In 2014, the Immune Epitope Database automated benchmark was created to compare the performance of the MHC class I binding predictors. However, this is not a straightforward process due to the different and non-standardized outputs of the methods. Additionally, some methods are more restrictive regarding the HLA alleles and epitope sizes for which they predict binding affinities, while others are more comprehensive.
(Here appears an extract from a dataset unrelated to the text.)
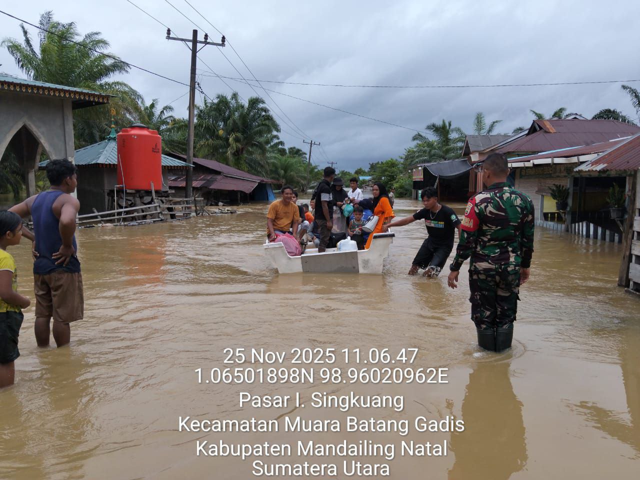 Muara Batang Gadis – Koramil 17/Natal Kodim 0212/Tapsel dipimpin langsung Danramil Lettu Inf Eman Sutrisno menunjukkan komitmennya dalam membantu masyarakat dengan terjun langsung ke lokasi banjir di Desa Singkuang I Kecamatan Muara Batang Gadis Kabupaten Natal, Selasa (25/11/2025). Evakuasi dilakukan bersama aparat setempat menyusul tingginya curah hujan yang memicu genangan air hingga 50-80 cm di sejumlah permukiman warga.

To address how these problems impacted the ranking of the predictors, we developed an approach to assess the reliability of different metrics. We found that using percentile-ranked results improved the stability of the ranks and allowed the predictors to be reliably ranked despite not being evaluated on the same data. We also found that given the rate new data are incorporated into the benchmark, a new method must wait for at least 4 years to be ranked against the pre-existing methods. The best-performing tools with statistically indistinguishable scores in this benchmark were NetMHCcons, NetMHCpan4.0, ANN3.4, NetMHCpan3.0 and NetMHCpan2.8. The results of this study will be used to improve the evaluation and display of benchmark performance. We highly encourage anyone working on MHC binding predictions to participate in this benchmark to get an unbiased evaluation of their predictors.

摘要

2014 年,创建了免疫表位数据库自动化基准测试,以比较 MHC Ⅰ类结合预测器的性能。然而,由于方法的不同和非标准化输出,这并非易事。此外,一些方法对其预测结合亲和力的 HLA 等位基因和表位大小的限制较多,而另一些方法则更为全面。为了解决这些问题如何影响预测器的排名,我们开发了一种评估不同指标可靠性的方法。我们发现,使用百分位排名结果可以提高排名的稳定性,并允许即使不在相同数据上进行评估,也能可靠地对预测器进行排名。我们还发现,鉴于新数据纳入基准的速度,新方法必须等待至少 4 年才能与现有的方法进行排名。在该基准中表现最佳且得分统计学上无法区分的工具是 NetMHCcons、NetMHCpan4.0、ANN3.4、NetMHCpan3.0 和 NetMHCpan2.8。本研究的结果将用于改进基准性能的评估和展示。我们强烈鼓励从事 MHC 结合预测的任何人参与该基准测试,以对其预测器进行公正的评估。